Steelhead Fever said:


> What type of hooks are those? and also, where can you get that wire? thankss


 i picked up some soldering wire at lowes today 0.o62 dia it was a coil of wire not the typical roll which cost a lot more,the coil type was under 6 bucks for a ounce size,it was the smallest size they had.picked up some #8 hooks to try this out now to get some nail polish colors...


----------



## allwayzfishin (Apr 30, 2008)

I order online or go to wally world for solder. Just wrap the solder around the hook and cut excess off with scissors, then pinch the tag end close to the shank.

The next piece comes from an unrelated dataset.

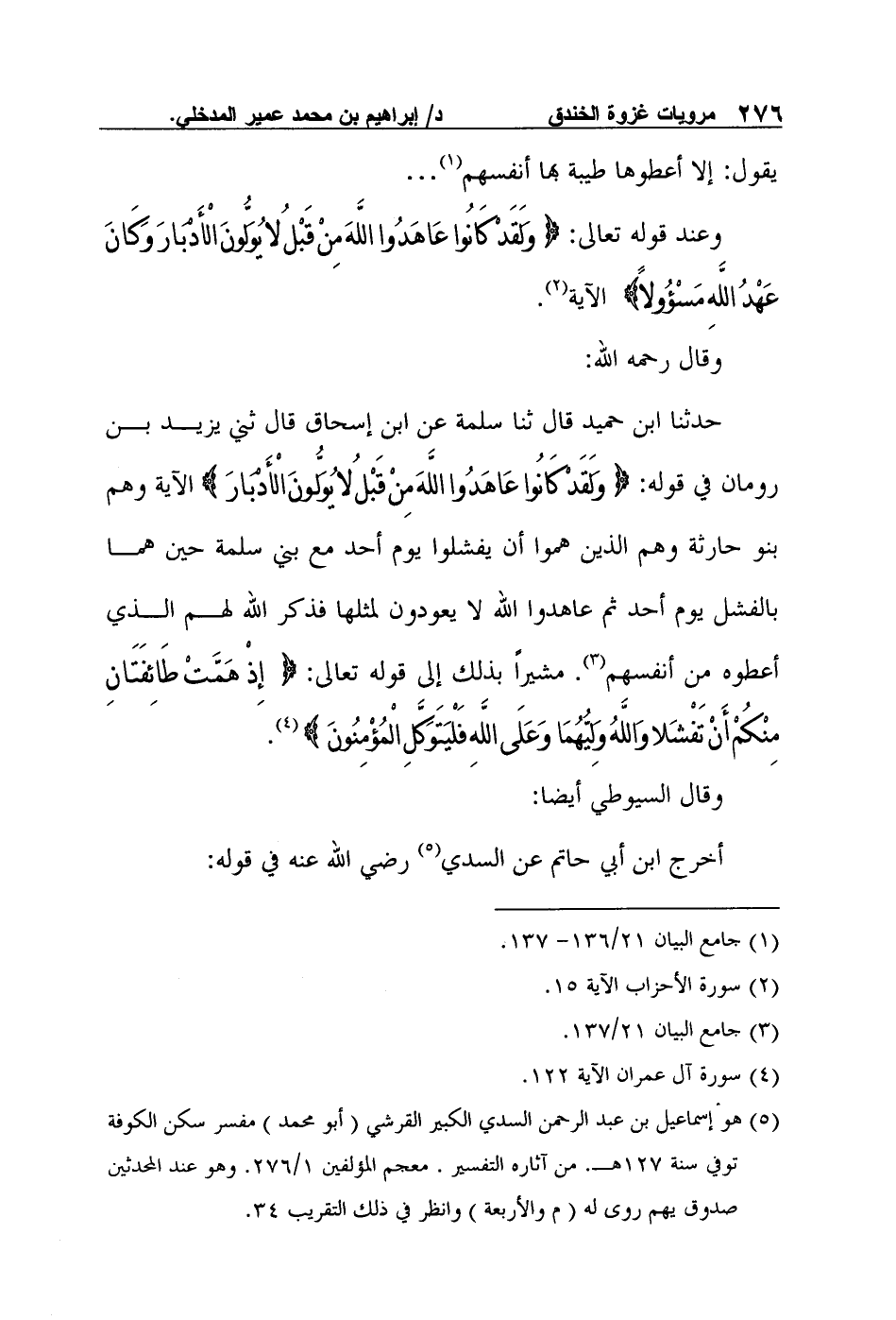 وقال رحمه الله: حدثنا ابن حميد قال ثنا سلمة عن ابن إسحاق قال ثني يزيد بن رومان في قوله: {وَلَقَدْ كَانُوا عَاهَدُوا اللَّهَ مِنْ قَبْلُ لا يُوَلُّونَ الْأَدْبَارَ} الآية وهم بنو حارثة وهم الذين هموا أن يفشلوا يوم أحد مع بني سلمة حين هما بالفشل يوم أحد ثم عاهدوا الله لا يعودون لمثلها فذكر الله لهم الذي أعطوه من أنفسهم3. مشيراً بذلك إلى قوله تعالى: {إِذْ هَمَّتْ طَائِفَتَانِ مِنْكُمْ أَنْ تَفْشَلا وَاللَّهُ وَلِيُّهُمَا وَعَلَى اللَّهِ فَلْيَتَوَكَّلِ الْمُؤْمِنُونَ} 4.

The hooks I use are dry fly hooks, they pierce better that a stout hook. I use needle nose pliers to bend the eye of the hook 90 degrees to create the jig effect.

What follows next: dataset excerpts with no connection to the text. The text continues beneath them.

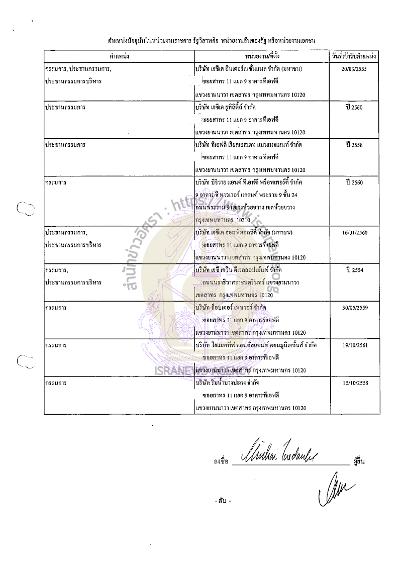 8.บริษัท ไฮแอคทึฟ คอนซัลแตนท์ คอมมูนิชั่นส์ จำกัด 9.บริษัท ริมน้ำบางปะกง จำกัด 10.บริษัท ไฮแอปทีฟคอนซัลแตนท์ จำกัด 11.บริษัท ไฟน์ ทูแอสเซท จำกัด 12.บริษัท เจซี เควิน ฟู้ด แอนด์ เบฟเวอเรจ จำกัด 13.บริษัท เอพี ไพร์ม พร็อมเพอร์ตี้ จำกัด 14.บริษัท ราชดำริ เรียลเอสเตท จำกัด
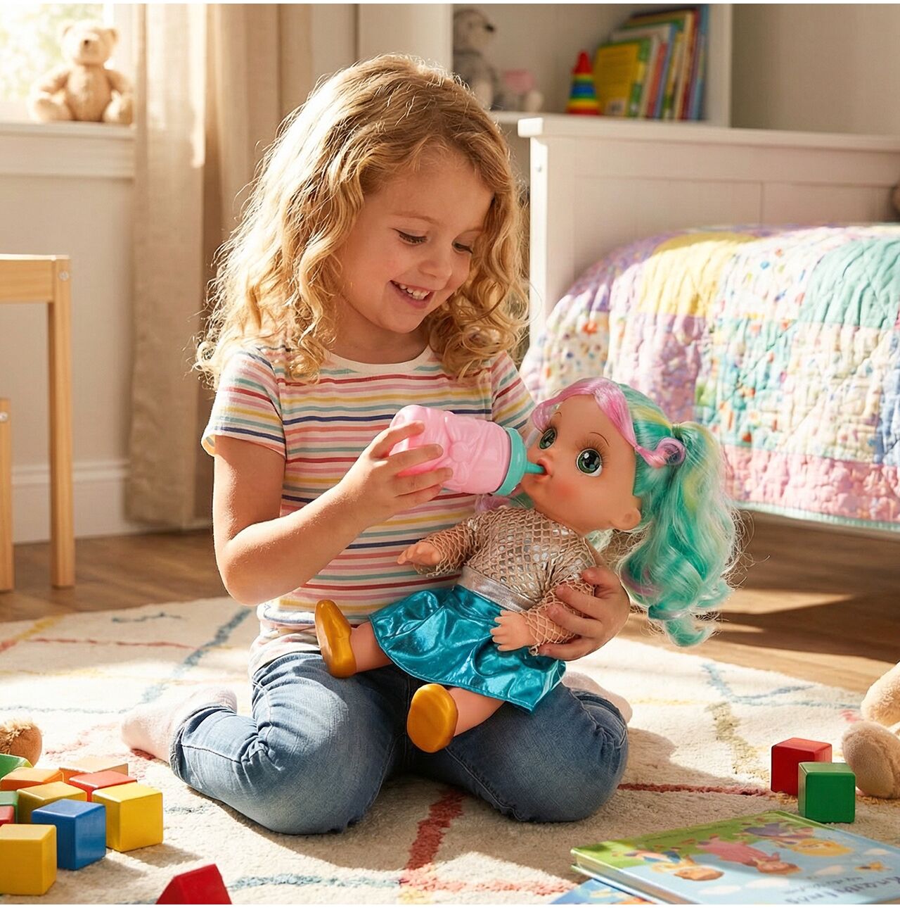 Laleczka nie tylko bawi, ale także wspiera rozwój dziecka. Zabawa w karmienie, czesanie i opiekę pomaga rozwijać wyobraźnię, empatię, kreatywność oraz zdolności manualne, a przy tym daje mnóstwo radości każdego dnia.
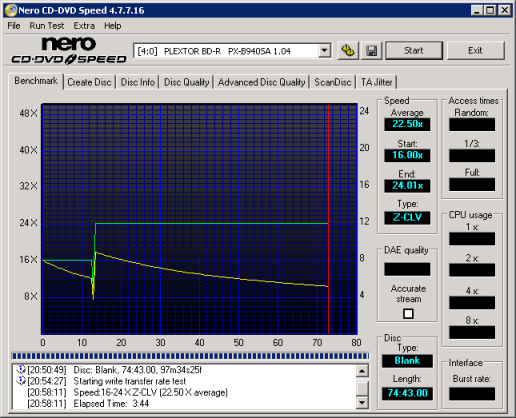 BD Write and ReWrite Tests - Nero CD Speed v4.7.7.16:
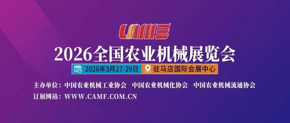 核心提示:由中国农业机械工业协会、中国农业机械化协会、中国农业机械流通协会共同主办的2026全国农业机械展览会(简称“全国农机展”)将于2026年3月27日至29日在河南驻马店国际会展中心举办。自招商启动以来,展会备受瞩目,截至发稿前,所有展位已全部售罄,充分彰显了春季农机市场的旺盛需求与展会的强大吸引力。

When ice season comes into play, Id love to hear some success stories with these. Dont be afraid to take pics everyone.....Thanks

After you hook a fish and bring it in, re-position the jig so it hangs parallel in the water before sending it back down. Tip these with a spike and hold on....fish on brother!!!


----------



## Steelhead Fever (Dec 31, 2009)

thanks for the info! im looking forward to trying these!


----------



## buckzye11 (Jul 16, 2009)

Here's the ones i made.... pic is horrible, but they will catch fish, im sure!


----------



## allwayzfishin (Apr 30, 2008)

Im sure you will catch fish on those...Nice job.


Man, I cant wait to get on the ice!!!!!


----------



## allwayzfishin (Apr 30, 2008)

Just couldnt resist taking the ice gear out today. Used atombombs and pimples. Caught a bunch, but only took what I needed for a crisco disco. I fished the docks at the lagoons for a couple hours.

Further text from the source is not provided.